→ Task prompt: Please print exactly the lines from the line containing "WMT USB Microphone, Condenser" through the end of the data, no more, and keep pictures out of the copy.

(Excerpts from a dataset)
= = = = =
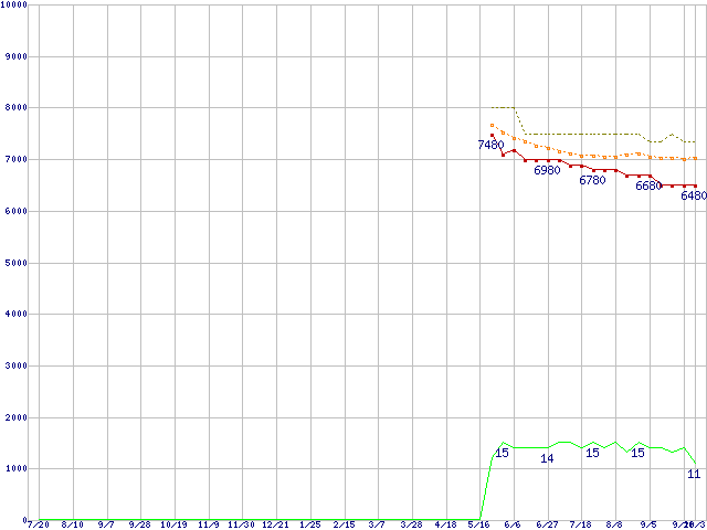 | Athlon X2 4050e (2.1GHz,L2 512KB×2)の価格推移 | | | (2007年7月20日~2008年10月3日) |
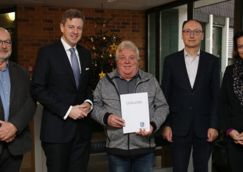Dieter Schott, Mitarbeiter im Fachbereich Veterinärwesen und Lebensmittelüberwachung im Landratsamt Hof, ist von Landrat Dr. Oliver Bär i…
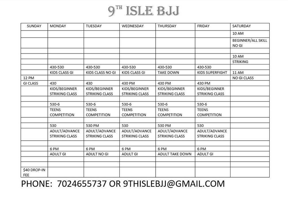 NO GI CLASSES: 9TH ISLE BJJ TSHIRT AND SHORTS. MOUTH PIECE, GROIN PROTECTION/PROTECTIVE CUP
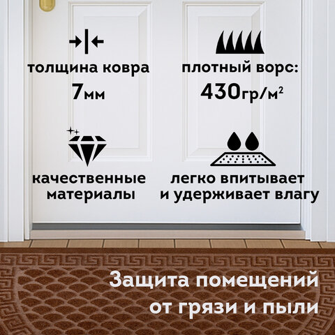 Коврик придверный 60х90 см, ВЕНГЕ, грязезащитный, 430 г/м2, ПОЛУКРУГ, фактурный ЧЕШУЙКИ, ЛЮБАША, 701053
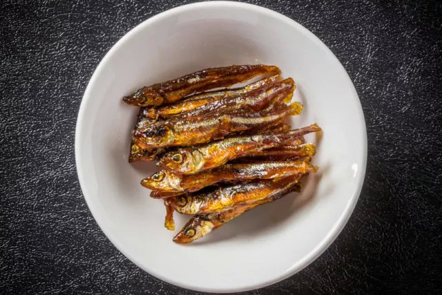 将沙丁鱼炒到干燥后加入酱料,营造甜辣的口感。因为之前人们是将这种小鱼用作肥料使用,因此把小鱼干加入年节菜中,有祈祷“五谷丰登”的寓意。
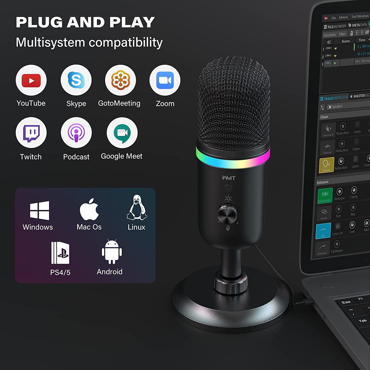 WMT USB Microphone, Condenser Gaming Microphone for PC/MAC/PS4/PS5/Phone- Cardioid Mic with Brilliant RGB Lighting Headphone Output Volume Control, Mute Button, for Streaming Podcast YouTube Discord
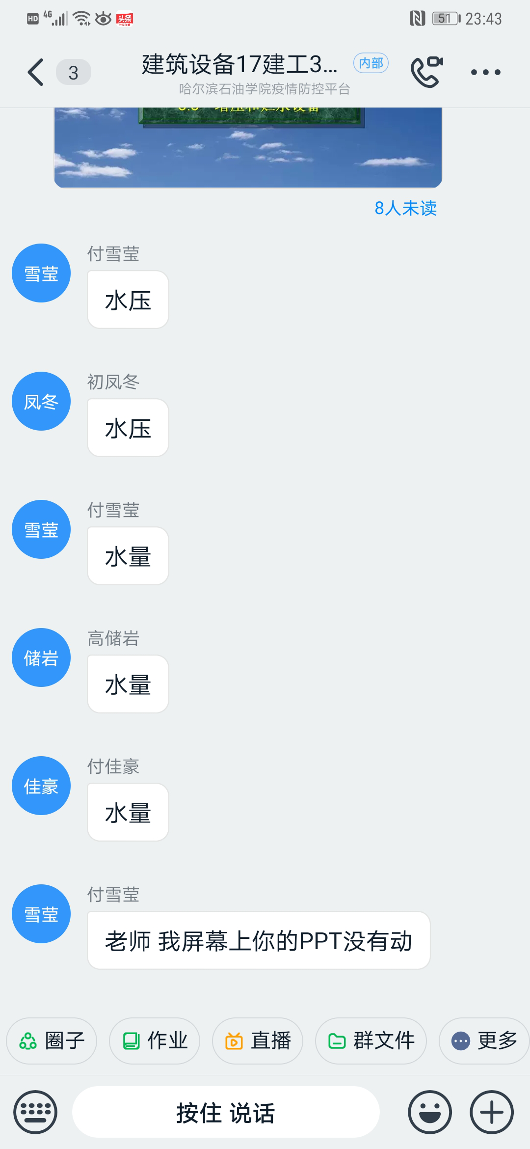 上课中重要的知识点也要有必要练习与讲解。与可以先让学生在群中上传自己的答案,然后有针对性的进行讲解。
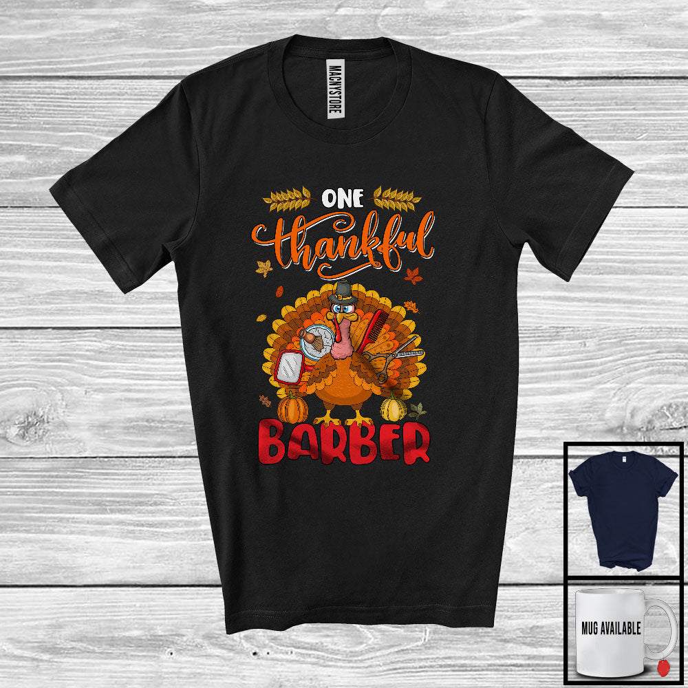 This One Thankful Barber; Humorous Thanksgiving Turkey Autumn Leaves; Barber Group T-Shirt is great idea gift for your family, friends in this birthday, christmas, mother's day, father's day, patrick's day or any holiday.
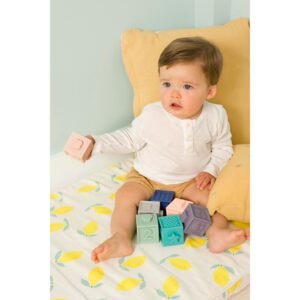 Στοίβαξη & Σύνδεση: Οι κύβοι είναι σχεδιασμένοι να “δένουν” μεταξύ τους, επιτρέποντας στα νήπια να δημιουργούν τις δικές τους σταθερές κατασκευές.
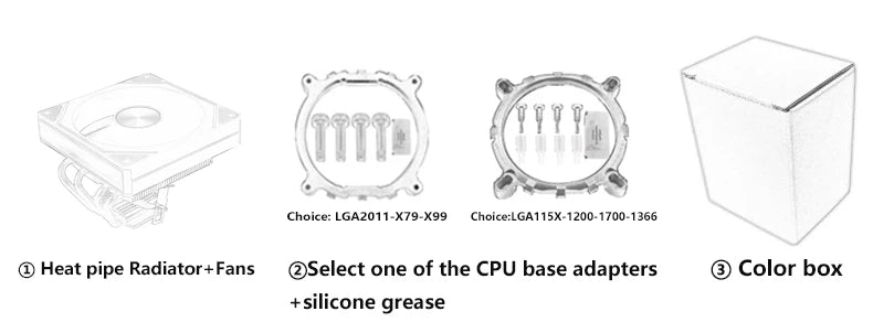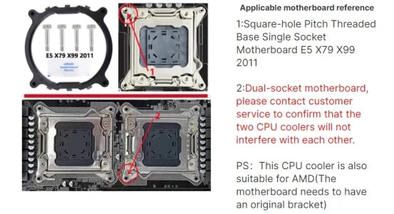 • Le refroidisseur est conçu pour s’adapter aux cartes mères avec bases filetées carrées, notamment sur les plateformes LGA 2011, 2066, 2099, E5, X79 & X99
= = = = =
→ Solution for this task:
 WMT USB Microphone, Condenser Gaming Microphone for PC/MAC/PS4/PS5/Phone- Cardioid Mic with Brilliant RGB Lighting Headphone Output Volume Control, Mute Button, for Streaming Podcast YouTube Discord
 上课中重要的知识点也要有必要练习与讲解。与可以先让学生在群中上传自己的答案,然后有针对性的进行讲解。
 This One Thankful Barber; Humorous Thanksgiving Turkey Autumn Leaves; Barber Group T-Shirt is great idea gift for your family, friends in this birthday, christmas, mother's day, father's day, patrick's day or any holiday.
 Στοίβαξη & Σύνδεση: Οι κύβοι είναι σχεδιασμένοι να “δένουν” μεταξύ τους, επιτρέποντας στα νήπια να δημιουργούν τις δικές τους σταθερές κατασκευές.
 • Le refroidisseur est conçu pour s’adapter aux cartes mères avec bases filetées carrées, notamment sur les plateformes LGA 2011, 2066, 2099, E5, X79 & X99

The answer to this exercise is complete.